In clinical practice, plasma fibrinogen may be a valuable and easy biomarker of activity during relapses in MS patients, but prospective studies in larger groups are needed to confirm these results.
It has been found that although all MS patients show an increase in oxidative damage biomarkers, there seems to be no correlation between the degree of the increase and the disease severity. It is now suggested that oxidative changes are not accompanied by inflammatory activity in these patients as measured by changes in WBC and C-reactive protein levels. This would mean that oxidative stress precedes the inflammatory response, which would indirectly support the hypothesis that oxidative stress alters blood-brain barrier permeability and stimulates monocyte adhesion to vascular endothelium . Erythrocytes may contribute to the pathophysiological mechanisms of MS through impaired antioxidant capacity and altered hemorheology, leading to an increase in oxidative stress and to potential ischemic tissue damage, respectively .
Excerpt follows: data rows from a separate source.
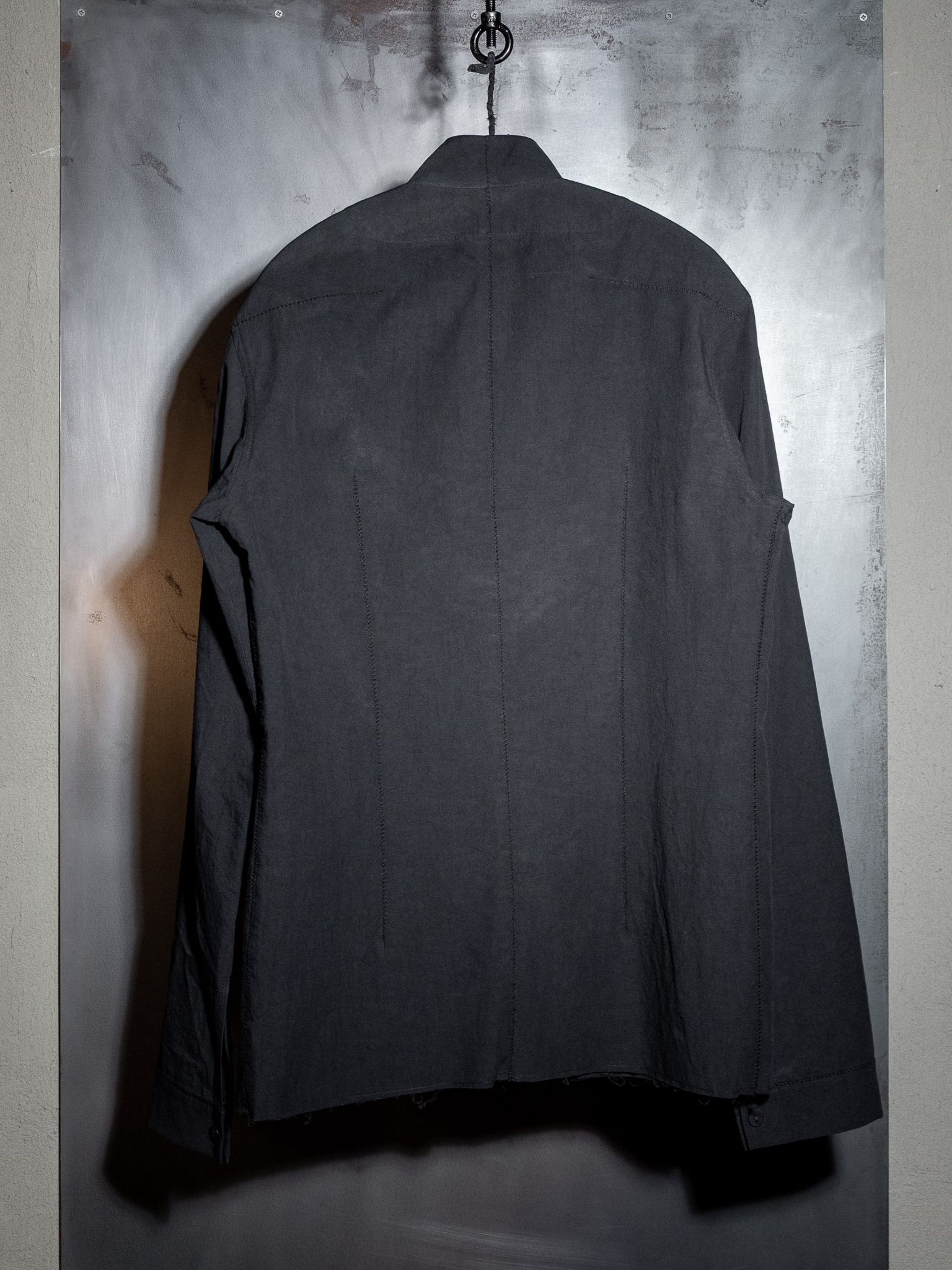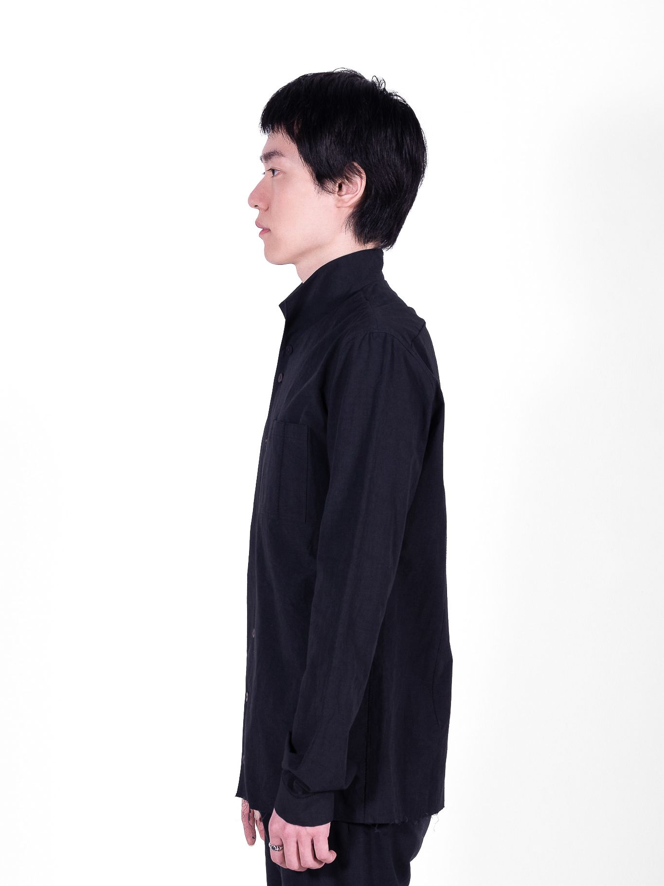 This shirt features a single continuous panel for the collar and front body. Additionally, the two-way collar and scar-stitched detail make it unique.
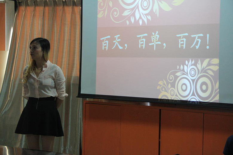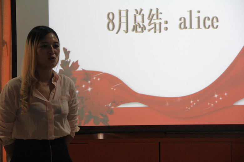 总结过去才能够让我们在未来的工作中有更大的进步,在大会上,东莞天助总监Alica对过去8月份工作作出总结,指出工作中上的不足之处,同时对新的一月的工作内容提出新的要求,明确了九月份的工作目标:百天、百单、百万。
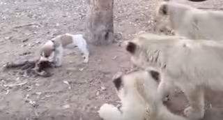Con conocimientos básicos de la cadena alimenticia, de la naturaleza y de la vida salvaje, cualquiera es capaz de llegar a la conclusión de que el enfrentamiento entre un perro y tres leones no augura nada bueno. Sin embargo, el Jack Russell que protagoniza este vídeo parece desconocer por completo todas estas teorías.
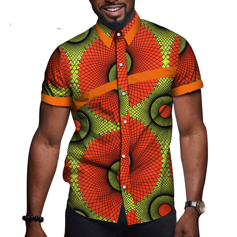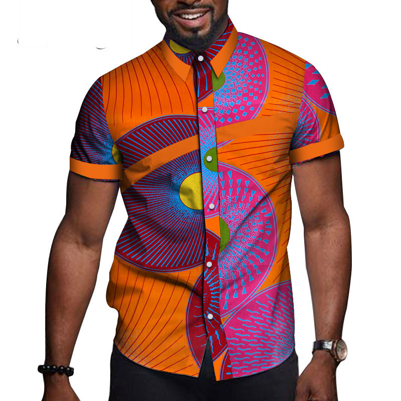 Ndị nwoke Africa bụ uwe Bazin Riche Bipute Causal Party Men Short Sleeve Tops Ankara WYN714
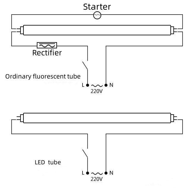 Как установить светодиодную трубку? Схема подключения обычной люминесцентной лампы и светодиодной трубки. Недавно установленные светодиодные трубки и сменные светодиодные трубки1.Подключение вновь установленных светодиодных трубок. Если вновь установленная светодиодная трубка является двусторонней, при условии, что патрон лампы на обоих концах светодиодной трубки подключен напрямую.
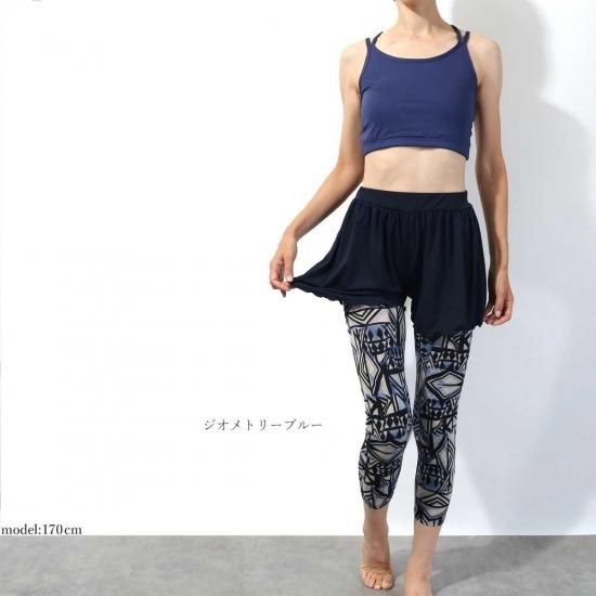 【ボトムスフェアSale対象40%OFF】ヨガウェア プリントレイヤードジニーパンツ レイヤード柄レギンスジニーパンツ レイヤードラップジニーパンツ スポーツ レギンス一体型
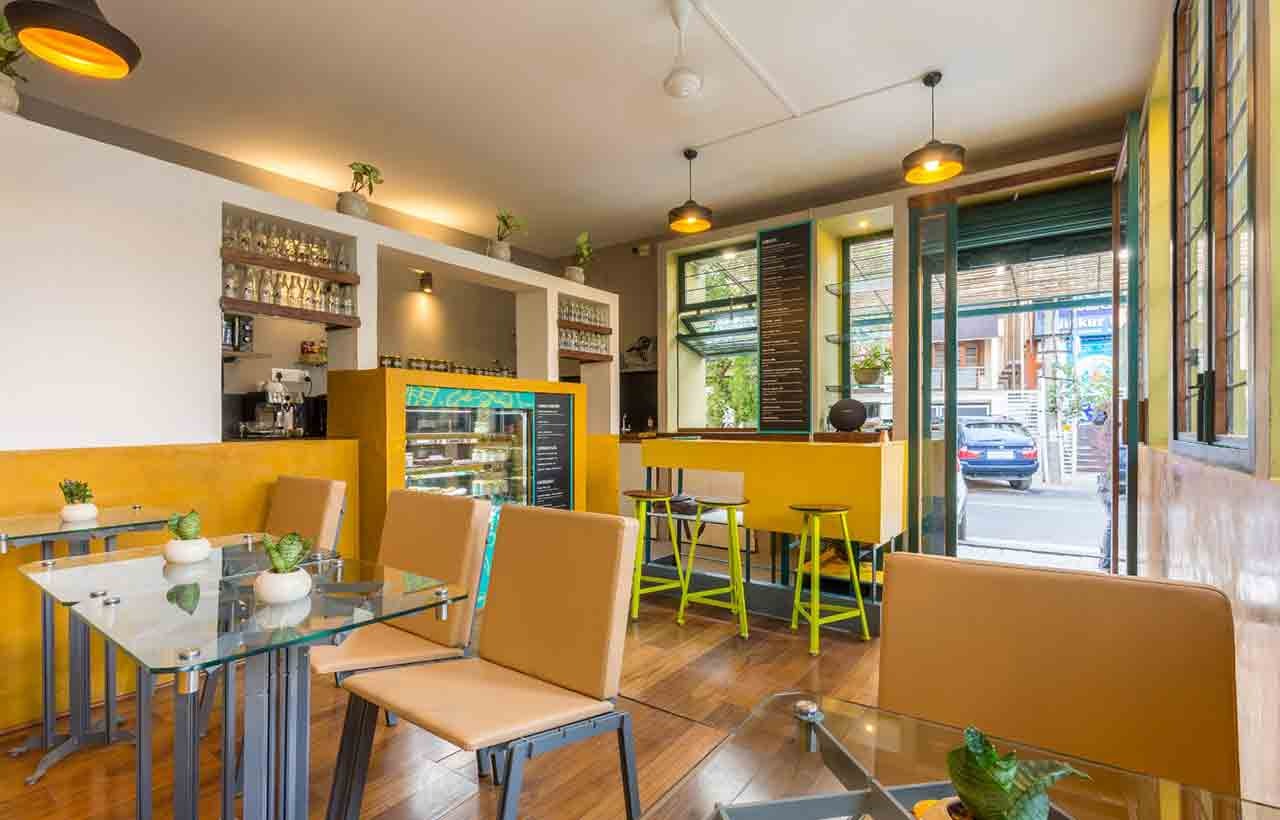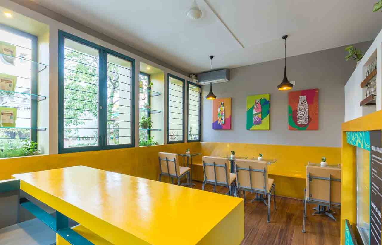 Sustainability was a driving force behind the design decisions, evident in the use of reused stone cladding and reclaimed timber. These materials not only showcased an eco-friendly approach but also demonstrated a commitment to a cost-conscious strategy. The juxtaposition of these elements, with their inherent textures and stories, added a layer of depth to the design, creating a space that felt both warm and responsible. The infusion of handmade cement oxide finishes further elevated the aesthetic appeal of the smoothie bar. These finishes, meticulously crafted, added a personalized and bespoke touch to counters and benches. The use of cement oxide not only contributed to a unique visual identity but also symbolized the blend of robust functionality with artisanal craftsmanship.
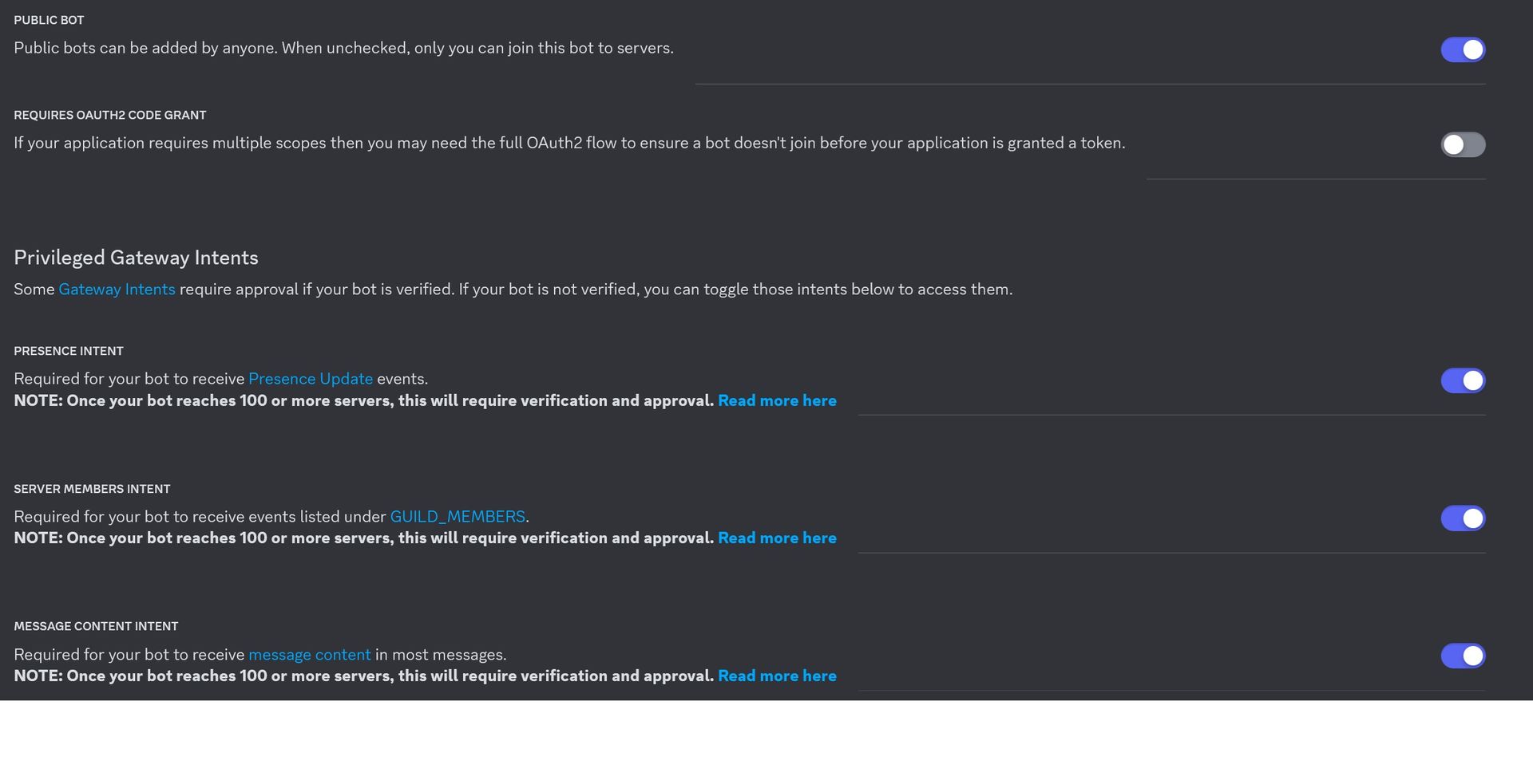 under auth flow select public bot, presence intent, server members intent and message content intent.
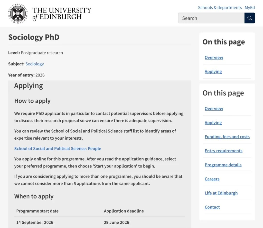 爱丁堡大学2026年9月入学的社会学博士将于2026年6月29日截止申请。
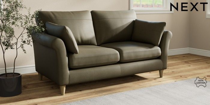 7.2.10 Buy Oakham Leather 3 Seater Small Sofa Turin Leather Moss Green Low Conical - Light from the Seasons online shop Click here to use our website with more accessibility support, for example screen readers
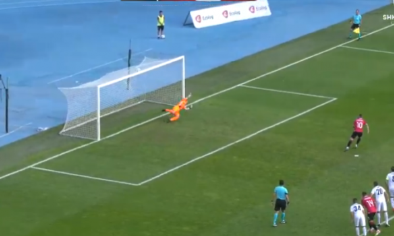 Që në minutën e gjashtë, kampioni i Maqedonisë Veriore ka fituar një penallti pasi një mbrojtje të skuadrës mysafire.

Studies on the effect of whole-body cryotherapy in MS patients were also conducted by Bryczkowska et al. . In healthy individuals, the first changes in the lipid profile were observed after 20 daily whole-body cryotherapy sessions , while in MS patients, after a series of 30 whole-body cryotherapy sessions, researchers did not report significant changes in total protein, albumin, uric acid, and glucose concentrations or in the lipid profile . In the present study, lower baseline total protein levels were demonstrated in the groups of MS patients (70.17 ± 3.98 g/l and 70.29 ± 2.79 g/l) compared with healthy women (73.56 ± 3.68 g/l); there was also a statistically significant reduction of the parameter among healthy women after whole-body cryotherapy application (2.49%). No significant differences were indicated in the other proteinogram indices, i.e., albumin, alpha-1 globulins, alpha-2 globulins, beta-1 globulins, beta-2 globulins, except for lower baseline levels of gamma globulins in the groups of MS patients compared with healthy women (by 18.13% on average).
Studying the role of erythrocytes in MS may reveal further specific differences that could be used as the disease biomarkers, as well as broaden our understanding of the pathological mechanisms of this complex and heterogeneous disease. This, in turn, could lead to the discovery of new and innovative therapeutic targets, thus significantly improving patients’ quality of life.
Summing up, in the light of the available literature and the results of own research, it can be concluded that whole-body cryotherapy is an effective method to combat or inhibit the progress of many diseases and their negative consequences, thus contributing to maintaining the best possible body fitness. The presented study is probably the first one to assess the influence of whole-body cryotherapy on rheological blood properties, including EI and AI, in MS women. No pathological or harmful changes were observed after whole-body cryotherapy application. In healthy participants, the intervention resulted in improved erythrocyte flexibility, which adds to better cell oxygenation.